By Peter Evans
LONDON--Tesco PLC on Wednesday wrote down the value of its
European business by GBP734 million ($1.23 billion) and reported
its second consecutive fall in full-year profit, as it struggles to
compete with fierce competition at home and abroad.
Tesco said falling profits and a slow economic recovery in its
European markets led to a huge fall in the value of its assets,
especially in Turkey and Central Europe.
The European write down is the latest international setback for
a U.K. company that once hoped to dominate global retail.
The charge brings Tesco's losses from underperforming
international operations to more than $3.7 billion in the last 18
months. The company also flagged a $904 million charge related to
its Chinese operations, which it moved earlier this year into a
joint venture with a local retailer. In 2012 Tesco said it would
exit its unprofitable U.S. venture, Fresh & Easy, after five
years at a cost of $1.6 billion.
But Chief Executive Philip Clarke defended the rapid
international expansion under his predecessor Terry Leahy--which
saw Tesco move into Japan, Thailand and Malaysia as well as the
U.S. and China--was a mistake.
"Those decisions, which I was a party to, were at a different
time in the evolution of the world retail market," said Mr. Clarke,
who was responsible for international operations before becoming
CEO.
Mr. Leahy is credited with building Tesco into a global
powerhouse on the level of Wal-Mart Stores Inc. and Carrefour SA,
expanding its international footprint from five countries to
13.
Tesco's international markets are only part of its problem. The
retailer on Wednesday reported its second consecutive fall in
full-year profit as an ambitious turnaround plan in the U.K.--by
far its biggest market--failed to gain traction.
For the year to Feb. 22, Tesco's trading profit--which excludes
property gains or losses--fell to GBP3.31 billion ($5.54 billion)
from GBP3.45 billion a year earlier. The profit figure slightly
topped analyst expectations, sending the shares up in early London
trading. Sales were largely flat at GBP70.89 billion.
"Tesco is in a cycle of what seems to be structural decline
involving a sustained period of downgrades to earnings," said Clive
Black, an analyst at brokerage Shore Capital, who has covered Tesco
for 20 years.
Tesco's tough times reflect a wider shift in the U.K. grocery
sector, brought on by the rise of international discount chains
Aldi Stores Ltd. and Lidl UK GmbH. They are forcing Tesco and the
country's other big supermarket chains to reduce prices in a fight
to retain customers.
Mr. Clarke earlier this year said the company would invest
GBP200 million a year in price cuts on everyday items including
bread and milk. He said Wednesday "that was just the start,"

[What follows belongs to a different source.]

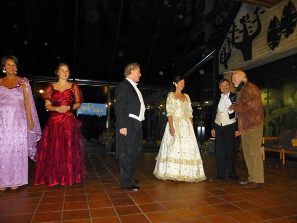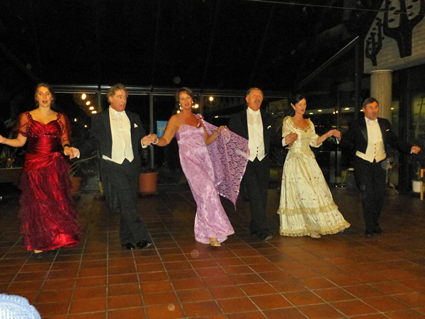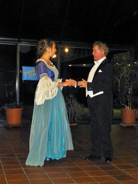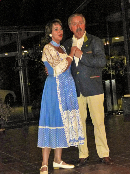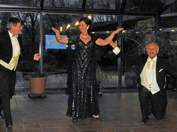 Adolph Brune, der Leiter des Ensemble, führte charmant durch das Programm, erzählte Anekdoten zu einigen Operetten und trat selber auf, so zum Beispiel in mehreren Duetten mit Anna Bobach, einer jungen Debütantin, die alle Anwesenden durch ihr Aussehen und ihre verzaubernde Stimme beeindruckte, ob es : "Hergott was ist denn heut' los?" aus "Gräfin Mariza" von Emmerich Kálmán war oder zum Beispiel "Niemand liebt dich so wie ich" aus "Paganini" von Franz Lehár. Wolfgang Krupp begeisterte unter anderem mit "Wenn ich einmal reich wär'." Aus "Anatevka" von Jerry Bock brillierte Polly Olszak mit "Ja das Temprament" aus "Maske in Blau" von Fred Raymond. Tanja Ellrich und Dieter Schmitz traten wie alle anderen Ensemblemitglieder mehrmals auf. Dabei kamen alle Anwesenden bei ihrem Lied "Im weißen Rössel am Wolfgangsee" von Ralph Benatzky ins Schwärmen. Insgesamt gab es 22 Programmpunkte. Nachdem zum Abschluss die Herren des Ensembles feststellten: "Ja das Studium der Frauen ist schwer" aus "Die lustige Witwe" von Franz Lehár, gab es unter tosendem Beifall noch zwei Zugaben, für alle Anwesenden ein unvergesslicher Nachmittag.

signaling Tesco's intention to compete with the discounters.
With the British supermarket chain's market share and stock
price languishing at near-decade lows, Mr. Clarke's future has been
questioned by some investors and analysts, especially following the
resignation earlier this month of Chief Financial Officer Laurie
McIlwee .
But the CEO said he was committed to reviving Tesco's fortunes.
"I've got no intention of going anywhere," said Mr. Clarke. "I'm
going to see this thing through."
Tesco reported a net profit for 2013 of GBP970 million, up from
GBP28 million in the prior year, which was hit by a number of write
downs. The company maintained its final dividend of 10.13 pence a
share, bringing its total dividend to 14.76 pence a share.